= WHAT YOU WILL DO =
A verbatim copy is needed of the lines below from the one containing "鄭州市亞榮儀器有限公司是主要" up to and including the one containing "ครบชุด (5) ถ้วยชงชามัทฉะสีขาว, แท่นวางแปรงมัทฉะ", excluding pictures.

= DATA UNDER STUDY =
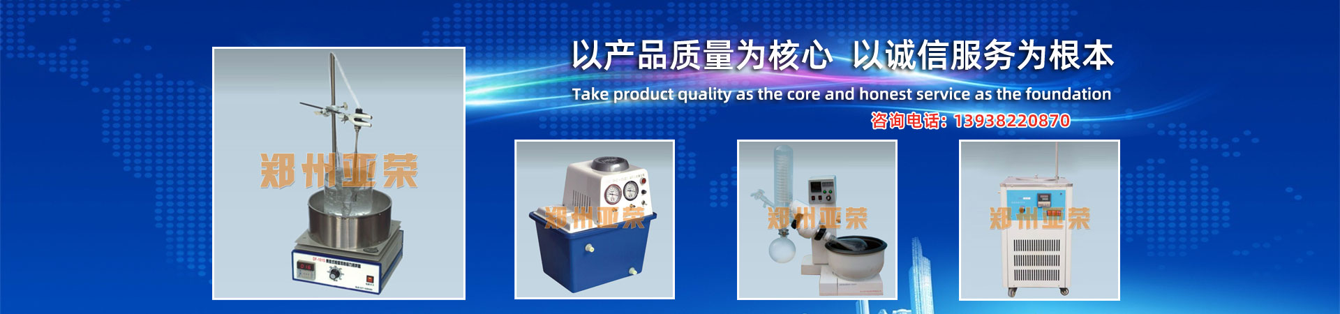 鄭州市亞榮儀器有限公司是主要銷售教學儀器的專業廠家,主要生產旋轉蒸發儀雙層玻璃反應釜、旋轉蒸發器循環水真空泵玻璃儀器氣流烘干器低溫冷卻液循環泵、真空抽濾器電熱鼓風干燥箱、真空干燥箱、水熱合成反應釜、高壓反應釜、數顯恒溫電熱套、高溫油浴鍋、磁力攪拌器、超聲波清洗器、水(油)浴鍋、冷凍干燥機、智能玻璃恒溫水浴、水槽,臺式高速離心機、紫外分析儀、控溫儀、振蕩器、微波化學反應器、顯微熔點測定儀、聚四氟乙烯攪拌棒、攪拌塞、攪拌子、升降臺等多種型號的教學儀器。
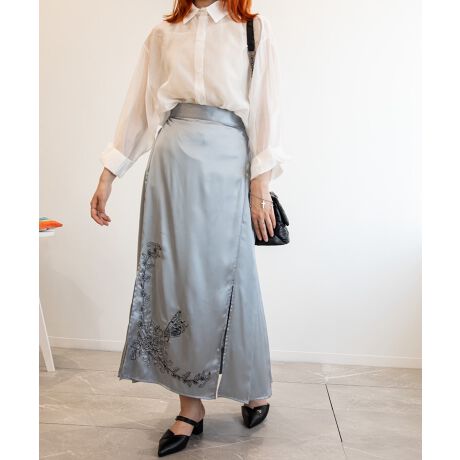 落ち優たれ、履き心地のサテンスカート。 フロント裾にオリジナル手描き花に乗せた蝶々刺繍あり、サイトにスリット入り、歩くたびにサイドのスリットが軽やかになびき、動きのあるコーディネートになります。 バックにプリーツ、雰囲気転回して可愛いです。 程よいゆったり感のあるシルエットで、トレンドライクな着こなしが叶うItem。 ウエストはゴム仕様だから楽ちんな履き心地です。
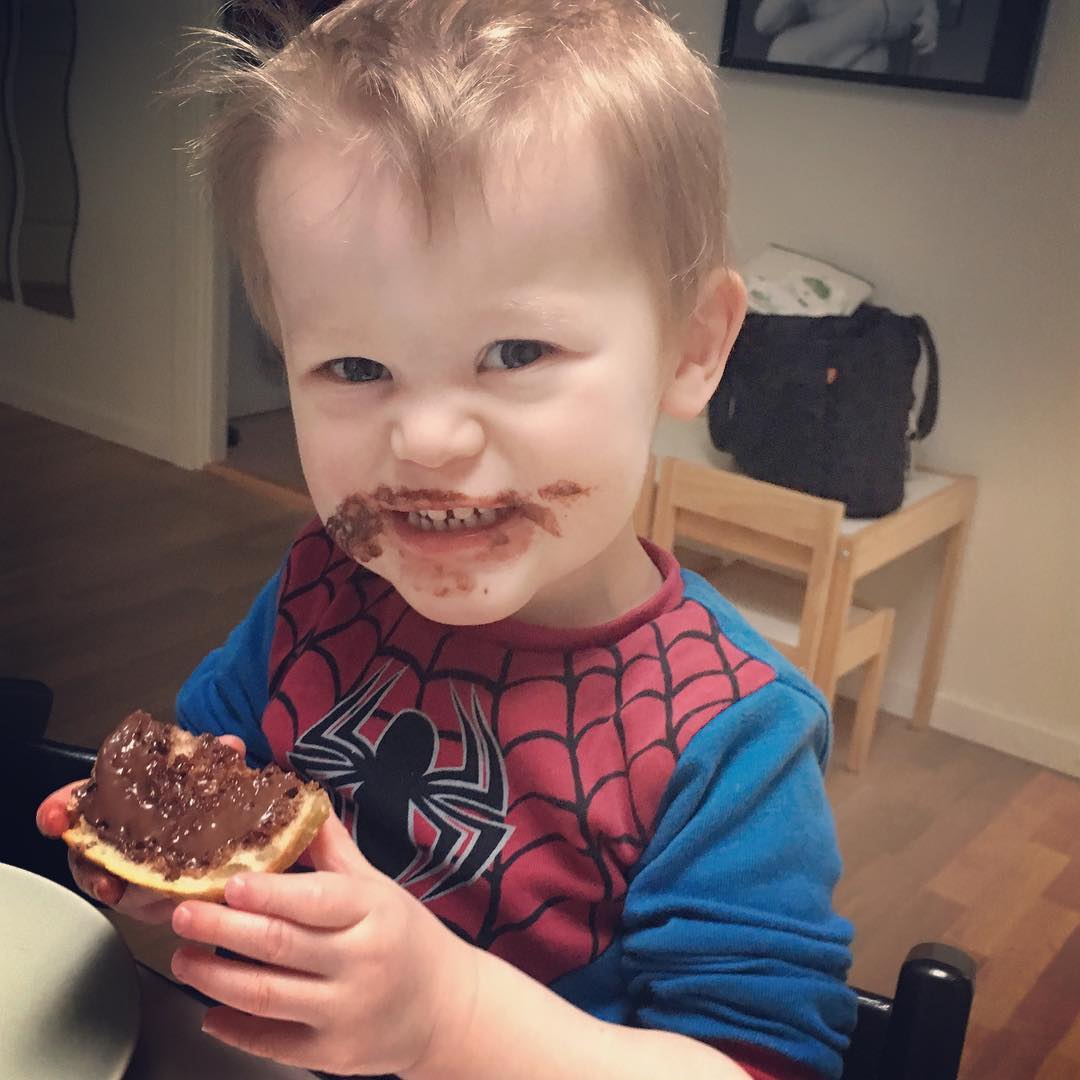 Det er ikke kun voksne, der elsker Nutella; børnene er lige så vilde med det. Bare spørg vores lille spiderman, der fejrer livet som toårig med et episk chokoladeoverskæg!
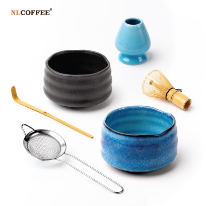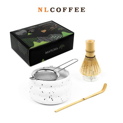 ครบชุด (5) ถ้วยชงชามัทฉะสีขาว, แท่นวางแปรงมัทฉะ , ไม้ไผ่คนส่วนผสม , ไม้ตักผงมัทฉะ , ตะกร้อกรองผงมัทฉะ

...

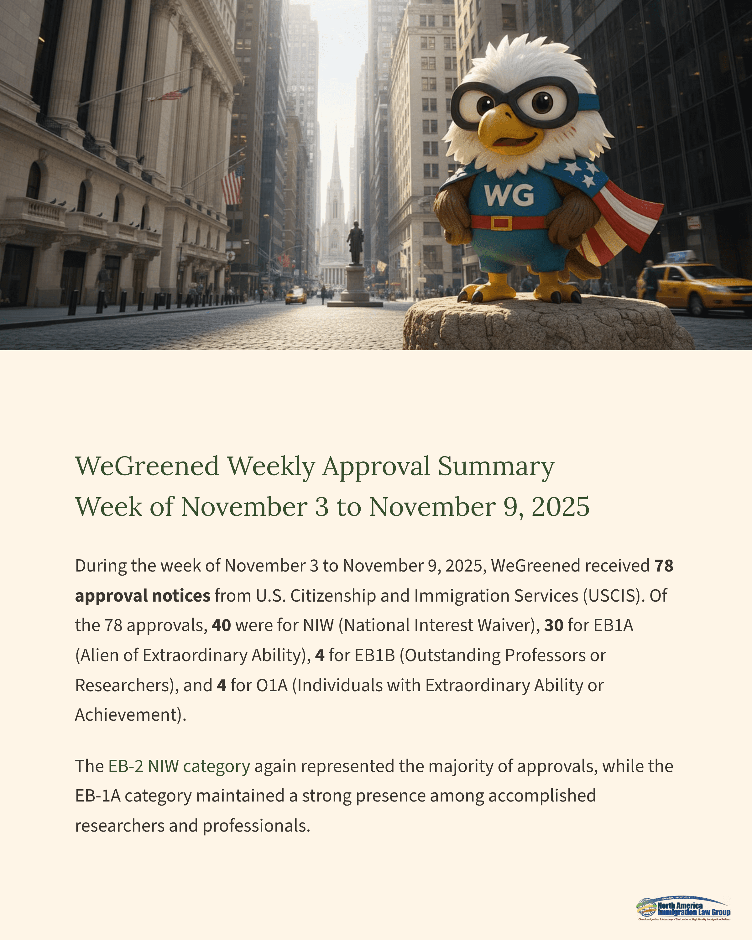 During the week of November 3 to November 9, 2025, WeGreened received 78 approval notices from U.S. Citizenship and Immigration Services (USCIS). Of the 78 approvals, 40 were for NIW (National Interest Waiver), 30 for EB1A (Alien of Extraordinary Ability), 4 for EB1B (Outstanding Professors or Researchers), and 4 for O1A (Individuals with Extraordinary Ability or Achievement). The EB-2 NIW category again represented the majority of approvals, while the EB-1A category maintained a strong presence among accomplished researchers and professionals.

= YOUR SOLUTION =
 鄭州市亞榮儀器有限公司是主要銷售教學儀器的專業廠家,主要生產旋轉蒸發儀雙層玻璃反應釜、旋轉蒸發器循環水真空泵玻璃儀器氣流烘干器低溫冷卻液循環泵、真空抽濾器電熱鼓風干燥箱、真空干燥箱、水熱合成反應釜、高壓反應釜、數顯恒溫電熱套、高溫油浴鍋、磁力攪拌器、超聲波清洗器、水(油)浴鍋、冷凍干燥機、智能玻璃恒溫水浴、水槽,臺式高速離心機、紫外分析儀、控溫儀、振蕩器、微波化學反應器、顯微熔點測定儀、聚四氟乙烯攪拌棒、攪拌塞、攪拌子、升降臺等多種型號的教學儀器。
 落ち優たれ、履き心地のサテンスカート。 フロント裾にオリジナル手描き花に乗せた蝶々刺繍あり、サイトにスリット入り、歩くたびにサイドのスリットが軽やかになびき、動きのあるコーディネートになります。 バックにプリーツ、雰囲気転回して可愛いです。 程よいゆったり感のあるシルエットで、トレンドライクな着こなしが叶うItem。 ウエストはゴム仕様だから楽ちんな履き心地です。
 Det er ikke kun voksne, der elsker Nutella; børnene er lige så vilde med det. Bare spørg vores lille spiderman, der fejrer livet som toårig med et episk chokoladeoverskæg!
 ครบชุด (5) ถ้วยชงชามัทฉะสีขาว, แท่นวางแปรงมัทฉะ , ไม้ไผ่คนส่วนผสม , ไม้ตักผงมัทฉะ , ตะกร้อกรองผงมัทฉะ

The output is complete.